Figure 2: Scheme that shows overall project structure and how videostream data from the drone is processed

The application is divided into two main parts: gesture recognition and drone controller. Those are independent instances that can be easily modified. For example, to add new gestures or change the movement speed of the drone.

Video stream is passed to the main program, which is a simple script with module initialisation, connections, and typical for the hardware while-true cycle. Frame for the videostream is passed to the gesture recognition module. After getting the ID of the recognised gesture, it is passed to the control module, where the command is sent to the UAV. Alternatively, the user can control a drone from the keyboard in a more classical manner.

So, you can see that the gesture recognition module is divided into keypoint detection and gesture classifier. Exactly the bunch of the MediaPipe key point detector along with the custom gesture classification model distinguishes this gesture recognition system from most others.

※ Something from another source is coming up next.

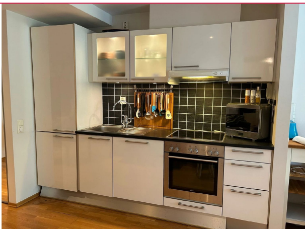
Kjøkkenet med god skapsplass, integrerte hvitevarer.

Gesture recognition with MediaPipe

Utilizing MediaPipe Hands is a winning strategy not only in terms of speed, but also in flexibility. MediaPipe already has a simple gesture recognition calculator that can be inserted into the pipeline. However, we needed a more powerful solution with the ability to quickly change the structure and behaviour of the recognizer. To do so and classify gestures, the custom neural network was created with 4 Fully-Connected layers and 1 Softmax layer for classification.

Figure 3: Scheme that shows the structure of classification neural network

Figure 3: Scheme that shows the structure of classification neural network

This simple structure gets a vector of 2D coordinates as an input and gives the ID of the classified gesture. 

Instead of using cumbersome segmentation models with a more algorithmic recognition process, a simple neural network can easily handle such tasks. Recognising gestures by keypoints, which is a simple vector with 21 points` coordinates, takes much less data and time. What is more critical, new gestures can be easily added because model retraining tasks take much less time than the algorithmic approach.

To train the classification model, dataset with keypoints` normalised coordinates and ID of a gesture was used. The numerical characteristic of the dataset was that:

  • 3 gestures with 300+ examples (basic gestures)
  • 5 gestures with 40 -150 examples 

All data is a vector of x, y coordinates that contain small tilt and different shapes of hand during data collection.

Figure 4: Confusion matrix and classification report for classification

Figure 4: Confusion matrix and classification report for classification

We can see from the classification report that the precision of the model on the test dataset (this is 30% of all data) demonstrated almost error-free for most classes, precision > 97% for any class. Due to the simple structure of the model, excellent accuracy can be obtained with a small number of examples for training each class. After conducting several experiments, it turned out that we just needed the dataset with less than 100 new examples for good recognition of new gestures. What is more important, we don’t need to retrain the model for each motion in different illumination because MediaPipe takes over all the detection work.

Figure 5: [GIF] Test that demonstrates how fast classification network can distinguish newly trained gestures using the information from MediaPipe hand detector

Figure 5: [GIF] Test that demonstrates how fast classification network can distinguish newly trained gestures using the information from MediaPipe hand detector

From gestures to movements

To control a drone, each gesture should represent a command for a drone. Well, the most excellent part about Tello is that it has a ready-made Python API to help us do that without explicitly controlling motors hardware. We just need to set each gesture ID to a command.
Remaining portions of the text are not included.